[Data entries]
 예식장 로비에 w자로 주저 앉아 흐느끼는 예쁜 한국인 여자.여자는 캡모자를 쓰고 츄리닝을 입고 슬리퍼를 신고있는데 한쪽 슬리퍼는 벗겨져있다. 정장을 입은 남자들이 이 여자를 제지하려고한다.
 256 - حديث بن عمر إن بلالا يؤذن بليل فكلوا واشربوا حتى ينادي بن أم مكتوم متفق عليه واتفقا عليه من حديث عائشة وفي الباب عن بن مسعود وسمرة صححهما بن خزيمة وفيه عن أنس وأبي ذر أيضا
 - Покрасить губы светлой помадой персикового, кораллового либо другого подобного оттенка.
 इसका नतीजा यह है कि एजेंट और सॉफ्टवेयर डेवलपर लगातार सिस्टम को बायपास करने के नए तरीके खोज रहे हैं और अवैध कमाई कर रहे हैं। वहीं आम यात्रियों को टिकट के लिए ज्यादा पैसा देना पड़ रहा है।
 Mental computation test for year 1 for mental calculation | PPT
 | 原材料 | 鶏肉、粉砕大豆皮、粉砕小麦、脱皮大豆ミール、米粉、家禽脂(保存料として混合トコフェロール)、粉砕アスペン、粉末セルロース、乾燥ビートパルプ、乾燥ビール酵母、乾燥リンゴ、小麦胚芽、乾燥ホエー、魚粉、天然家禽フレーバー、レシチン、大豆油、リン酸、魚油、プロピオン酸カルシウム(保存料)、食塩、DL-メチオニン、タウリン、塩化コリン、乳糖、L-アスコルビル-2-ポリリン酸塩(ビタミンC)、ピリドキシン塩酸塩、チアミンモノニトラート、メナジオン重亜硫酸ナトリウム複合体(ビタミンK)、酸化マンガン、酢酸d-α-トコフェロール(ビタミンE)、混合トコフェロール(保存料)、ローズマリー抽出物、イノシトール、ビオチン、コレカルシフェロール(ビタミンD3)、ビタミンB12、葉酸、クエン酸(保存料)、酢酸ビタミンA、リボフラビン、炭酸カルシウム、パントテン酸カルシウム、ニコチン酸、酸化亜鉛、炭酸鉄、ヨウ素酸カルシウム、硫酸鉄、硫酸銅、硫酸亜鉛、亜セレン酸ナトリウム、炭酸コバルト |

* _INSTRUCTIONS TO FOLLOW_: Would you output every entry exactly as it was written?

* _SOLUTION_:
 예식장 로비에 w자로 주저 앉아 흐느끼는 예쁜 한국인 여자.여자는 캡모자를 쓰고 츄리닝을 입고 슬리퍼를 신고있는데 한쪽 슬리퍼는 벗겨져있다. 정장을 입은 남자들이 이 여자를 제지하려고한다.
 256 - حديث بن عمر إن بلالا يؤذن بليل فكلوا واشربوا حتى ينادي بن أم مكتوم متفق عليه واتفقا عليه من حديث عائشة وفي الباب عن بن مسعود وسمرة صححهما بن خزيمة وفيه عن أنس وأبي ذر أيضا
 - Покрасить губы светлой помадой персикового, кораллового либо другого подобного оттенка.
 इसका नतीजा यह है कि एजेंट और सॉफ्टवेयर डेवलपर लगातार सिस्टम को बायपास करने के नए तरीके खोज रहे हैं और अवैध कमाई कर रहे हैं। वहीं आम यात्रियों को टिकट के लिए ज्यादा पैसा देना पड़ रहा है।
 Mental computation test for year 1 for mental calculation | PPT
 | 原材料 | 鶏肉、粉砕大豆皮、粉砕小麦、脱皮大豆ミール、米粉、家禽脂(保存料として混合トコフェロール)、粉砕アスペン、粉末セルロース、乾燥ビートパルプ、乾燥ビール酵母、乾燥リンゴ、小麦胚芽、乾燥ホエー、魚粉、天然家禽フレーバー、レシチン、大豆油、リン酸、魚油、プロピオン酸カルシウム(保存料)、食塩、DL-メチオニン、タウリン、塩化コリン、乳糖、L-アスコルビル-2-ポリリン酸塩(ビタミンC)、ピリドキシン塩酸塩、チアミンモノニトラート、メナジオン重亜硫酸ナトリウム複合体(ビタミンK)、酸化マンガン、酢酸d-α-トコフェロール(ビタミンE)、混合トコフェロール(保存料)、ローズマリー抽出物、イノシトール、ビオチン、コレカルシフェロール(ビタミンD3)、ビタミンB12、葉酸、クエン酸(保存料)、酢酸ビタミンA、リボフラビン、炭酸カルシウム、パントテン酸カルシウム、ニコチン酸、酸化亜鉛、炭酸鉄、ヨウ素酸カルシウム、硫酸鉄、硫酸銅、硫酸亜鉛、亜セレン酸ナトリウム、炭酸コバルト |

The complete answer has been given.